If you take more Dostinex than you should

Get in touch with your doctor immediately, go to the nearest emergency service or consult the Toxicological Information Service, phone 91 562 04 20.

If you have taken more Dostinex than you should, the following symptoms may appear: nausea, vomiting, stomach discomfort, low blood pressure, and alterations in thought or perception.

If you forget to take Dostinex

Do not take a double dose to compensate for the missed doses.

If you interrupt treatment with Dostinex

Do not stop treatment before your doctor tells you to, as the desired effect will not be achieved.

If you have any other doubts about the use of this medication, ask your doctor or pharmacist.

Like all medicines, Dostinex may cause side effects, although not everyone will experience them.

Very common side effects (may affect more than one in 10 patients):

• Dizziness
• Dizziness
• Headache
• Abdominal pain
• Uncomfortable stomach (dyspepsia), stomach inflammation (gastritis)
• Nausea
• Weakness (asthenia) and fatigue
• Alterations in heart valve function (cardiac valvulopathy), inflammation of the membranes covering the heart (pericarditis), and accumulation of fluid in the membranes covering the heart (pericardial effusion)

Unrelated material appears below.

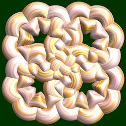 | Keywords: mathematica 3d cg parametricplot3d texture torus 輪環 りんかん ドーナツ どーなつ 八芒星 はちぼうせい 八光星 はちこうせい 八稜星 はちりょうせい program プログラム code コード algorithm コード アルゴリズム geometric sculpture geometricsculpture shape geometry sculpture mapping テクスチャ マッピング 模様 もよう abstract 抽象 ちゅうしょう アブストラクト design pattern デザイン パターン graphic グラフィック グラフィクス structure 意匠 構造 symmetry 対称性 たいしょうせい シンメトリー 対称 たいしょう algorithm bright SetOptions[ParametricPlot3D, PlotRange -> Full, Mesh -> None, Boxed -> False, Axes -> None, PlotPoints -> 300, ImageSize -> 3000, Background -> Darker[Green, 0.8], PlotStyle -> Directive[Specularity[White, 30], Texture[Import["D:/tmp/861.jpg"]]], TextureCoordinateFunction -> ({#4 + #5, #5/Pi} &), Lighting -> "Neutral"]; a = 3; (* center hole size of a torus *) b = 8; (* octa-torus *) c = 2.5; (* distance from the center of rotation *) d = 4; (* number of torus *) v = 3; x = (a - Cos[t] - Sin[b s]) Cos[v s] + c; y = Sin[t] Sin[b s] + c; z = (a - Cos[t] - Sin[b s]) Sin[v s] + c; rot = Table[{x, y, z}.RotationMatrix[2 i Pi/d, {0, 1, 0}], {i, d}]; ParametricPlot3D[rot, {t, 0, 2 Pi}, {s, 0, 2 Pi}] (*--- The Texture *) SetOptions[ParametricPlot3D, PlotRange -> Full, Mesh -> None, Boxed -> False, Axes -> None, PlotPoints -> 300, ImageSize -> 3000, Background -> Darker[Green, 0.8], PlotStyle -> Directive[Specularity[White, 30], Texture[Import["D:/tmp/861.jpg"]]], TextureCoordinateFunction -> ({#4 + #5, #5/Pi} &), Lighting -> "Neutral"]; a = 3; (* center hole size of a torus *) b = 8; (* octa-torus *) c = 2.5; (* distance from the center of rotation *) d = 4; (* number of torus *) v = 3; x = (a - Cos[t] - Sin[b s]) Cos[v s] + c; y = Sin[t] Sin[b s] + c; z = (a - Cos[t] - Sin[b s]) Sin[v s] + c; rot = Table[{x, y, z}.RotationMatrix[2 i Pi/d, {0, 1, 0}], {i, d}]; ParametricPlot3D[rot, {t, 0, 2 Pi}, {s, 0, 2 Pi}] (*--- The Texture *) |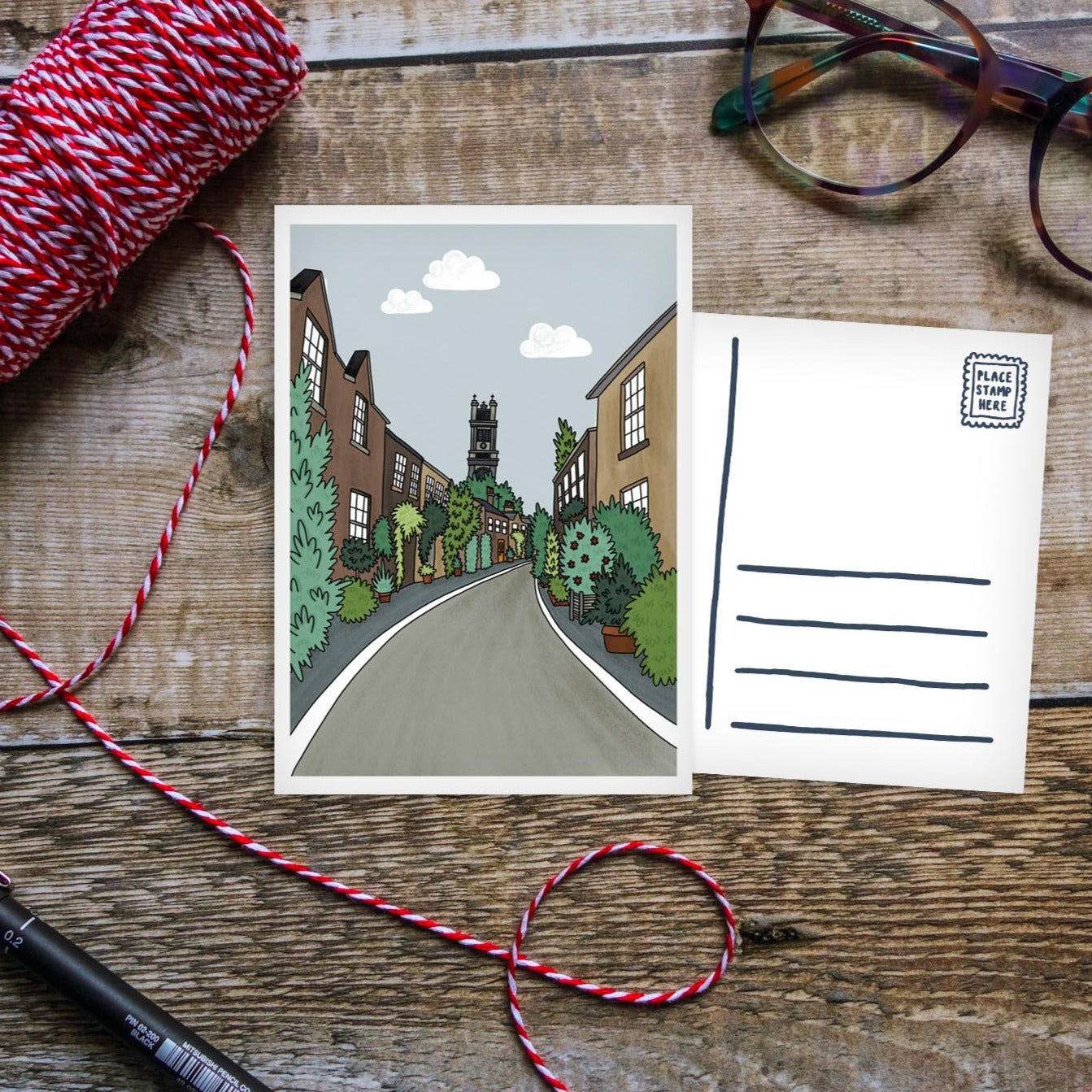 Postcard featuring a full colour illustration on the front, leaving a blank space for your message and address on the reverse. Digitally printed onto high quality uncoated card and supplied plastic free. Designed and printed in the UK.

Common side effects (may affect up to one in 10 patients):

• Decreased blood pressure in patients on long-term treatment
• Decreased blood pressure when changing position (postural hypotension)
• Sleepiness (somnolence)
• Decreased blood pressure without symptoms
• Depression
• Hot flushes
• Constipation
• Vomiting
• Breast pain

Rare side effects (may affect up to one in 100 patients):

• Narrowing of the blood vessels in the fingers (digital vasospasm) and fainting
• Cramps in the legs
• Decreased hemoglobin values after menstruation restoration in amenorrheic women
• Transient loss of vision affecting half of the visual field (transient hemianopsia)
• Sudden loss of consciousness (syncope)
• Abnormal heart rhythm (palpitations)
• Nasal bleeding (epistaxis)
• Prickling sensation (paresthesia)
• Increased libido
• Sensation of difficulty breathing (dyspnea)
• Hair loss (alopecia)
• Rash
• Fluid retention (edema)
• Exaggerated allergic reaction (hypersensitivity reaction)
• Fibrosis formation in some organs, including the lung
• Accumulation of fluid in the membranes covering the lung (pleural effusion)

Rare side effects (may affect between 1 and 10 in 10,000 patients):

• Upper abdominal pain

Very rare side effects (may affect up to one in 10,000 patients):

• Fibrosis formation in the lung (pleural fibrosis)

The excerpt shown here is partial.